▶ **EXERCISE DIRECTIONS**
Write out, with no changes, every line starting at the one that contains "シロアリは一年中活動しています。 シロアリの駆除・予防は今すぐお近くの農協へ まかせて安心、完全施工、完全保証で我家は万全" and ending at the last line of the data below. Leave pictures out.

▶ **DATASET EXTRACT**
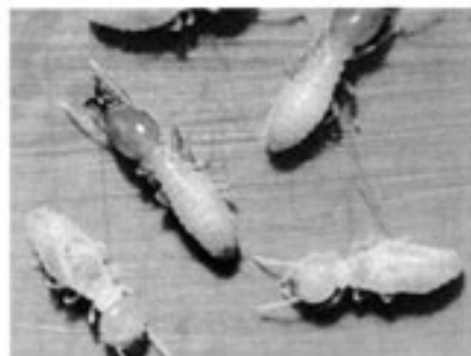
イエシロアリと働きアリ

シロアリは一年中活動しています。 シロアリの駆除・予防は今すぐお近くの農協へ まかせて安心、完全施工、完全保証で我家は万全
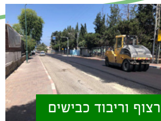
קרצוף וריבוד כבישים
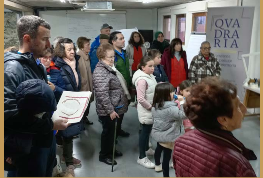
Visita de los participantes "Los objetos de la memoria" al Centro Arqueológico Cascantum.
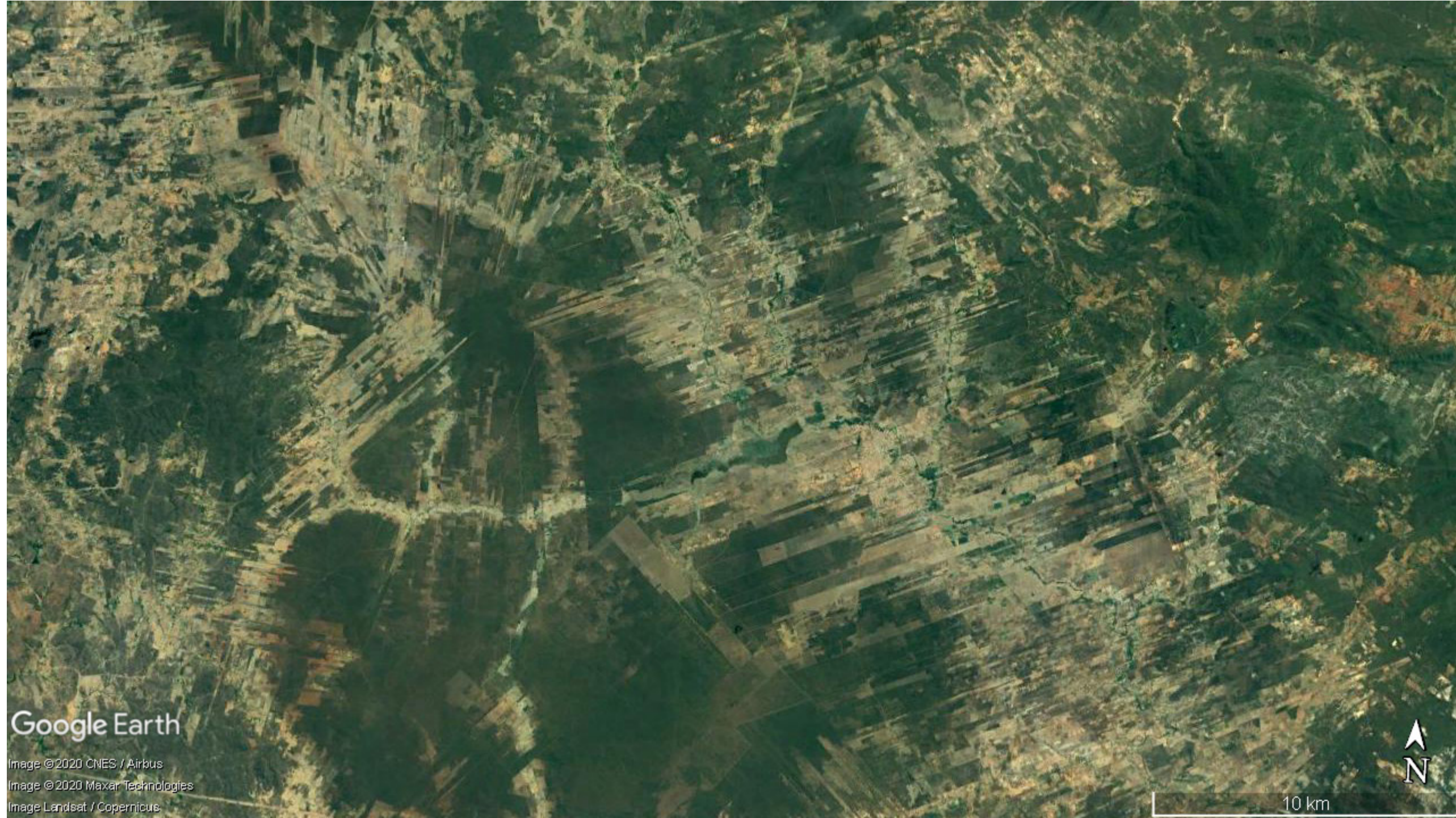
parcelamento do solo: lotes transversais aos cursos d'água

▶ **PROBLEM SOLUTION**
シロアリは一年中活動しています。 シロアリの駆除・予防は今すぐお近くの農協へ まかせて安心、完全施工、完全保証で我家は万全
קרצוף וריבוד כבישים
Visita de los participantes "Los objetos de la memoria" al Centro Arqueológico Cascantum.
parcelamento do solo: lotes transversais aos cursos d'água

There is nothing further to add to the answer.